- Marcella, Arkansas Marcella, Arkansas
- Coordinates: 35°47′17″N 91°53′02″W﻿ / ﻿35.78806°N 91.88389°W
- Country: United States
- State: Arkansas
- County: Stone
- Elevation: 417 ft (127 m)
- Time zone: UTC-6 (Central (CST))
- • Summer (DST): UTC-5 (CDT)
- ZIP code: 72555
- Area code: 870
- GNIS feature ID: 58122

= Marcella, Arkansas =

Marcella is an unincorporated community in Stone County, Arkansas, United States. Marcella is located along Arkansas Highway 14, 14.5 mi east-southeast of Mountain View. Marcella has a post office with ZIP code 72555.

==History==
Marcella was called Wallace Creek back in the 1830s. At that time Stone county was part Izard county.
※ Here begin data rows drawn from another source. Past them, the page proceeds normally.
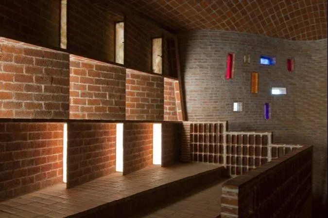 El ladrillo es el material utilizado en pisos, paredes y techos, generando curvaturas que otorgan movimiento, a la vez que proporcionan la suficiente rigidez para sostener y configurar un espacio acogedor, íntimo y que inspira a la reflexión. De esta forma, los muros parten de una línea recta en su base y comienzan a curvarse progresivamente.
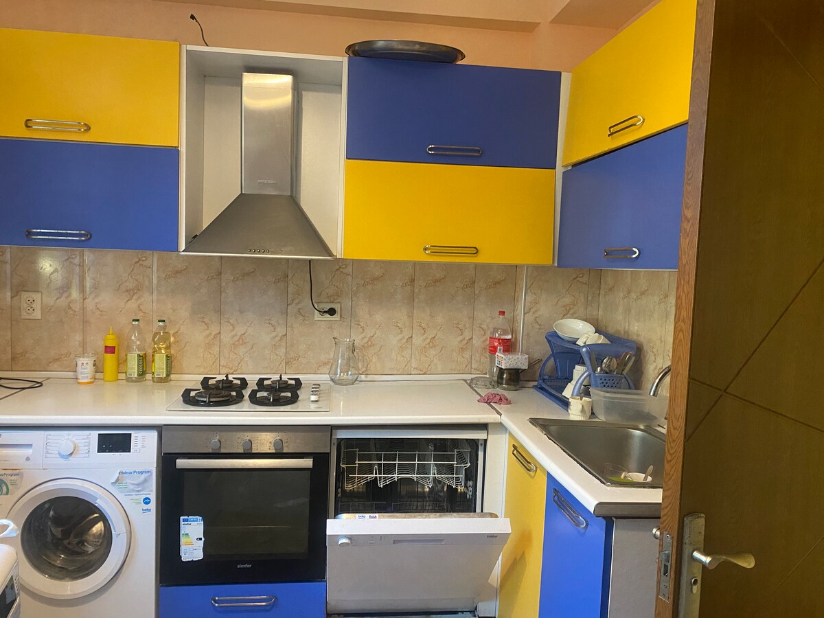 Un espacioso y luminoso departamento de 120 m² en el tercer piso de una casa privada con entrada independiente. El departamento tiene 2 dormitorios grandes, una sala de estar, cocina, baño y balcones. Cada habitación tiene aire acondicionado, balcón y calefacción central. La cocina está totalmente equipada, incluido un lavavajillas. Los huéspedes pueden utilizar la terraza, la piscina, el patio verde y la zona de barbacoa. El casco antiguo de Batumi está a 10 minutos a pie.
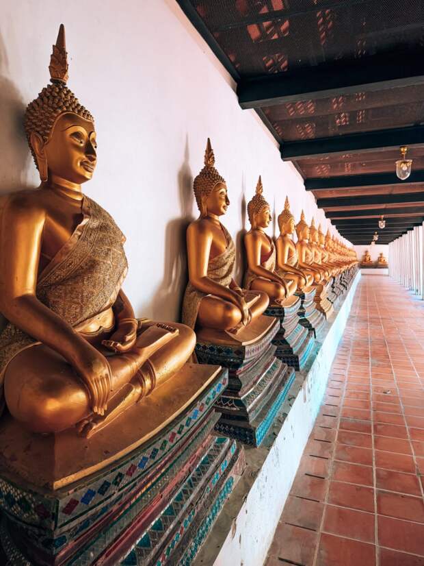 Главный магнит — храмовый комплекс Ват Махатхат с легендарной головой Будды, оплетённой корнями баньяна. Чуть поодаль — монументальный Ват Пхра Си Санпхет, некогда королевский храм, чьи три ступы, словно фарфоровые колокола, выстраиваются в идеальную перспективу на фоне неба.
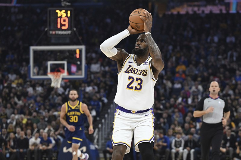 【記者張哲郢綜合外電報導】NBA美國職籃兩大人氣球隊洛杉磯湖人、金州勇士27日本季首度交手,初見即2度延長,勇士在柯瑞(Stephen Curry)命中3分後一度在剩餘4.7秒反超,回頭詹姆斯(LeBron James)2罰俱中,湖人145:144氣走勇士。

Note: Izard county, Arkansas Territory was established 27 Oct 1825 from Independence county, Arkansas Territory.

Note: Arkansas Territory was established 1828 from Missouri Territory and the Cherokee Nation Tract & Reservation land.

Note: Arkansas the 25th state was established 15 June 1836 from Arkansas Territory, including Oklahoma.

Note: Baxter county, Arkansas was established 24 March 1873 from Fulton, Izard, Searcy and Marion county's, Arkansas.

Note: Stone county, Arkansas was established 21 April 1873 from Izard, Searcy, Independence and Van Buren county's, Arkansas.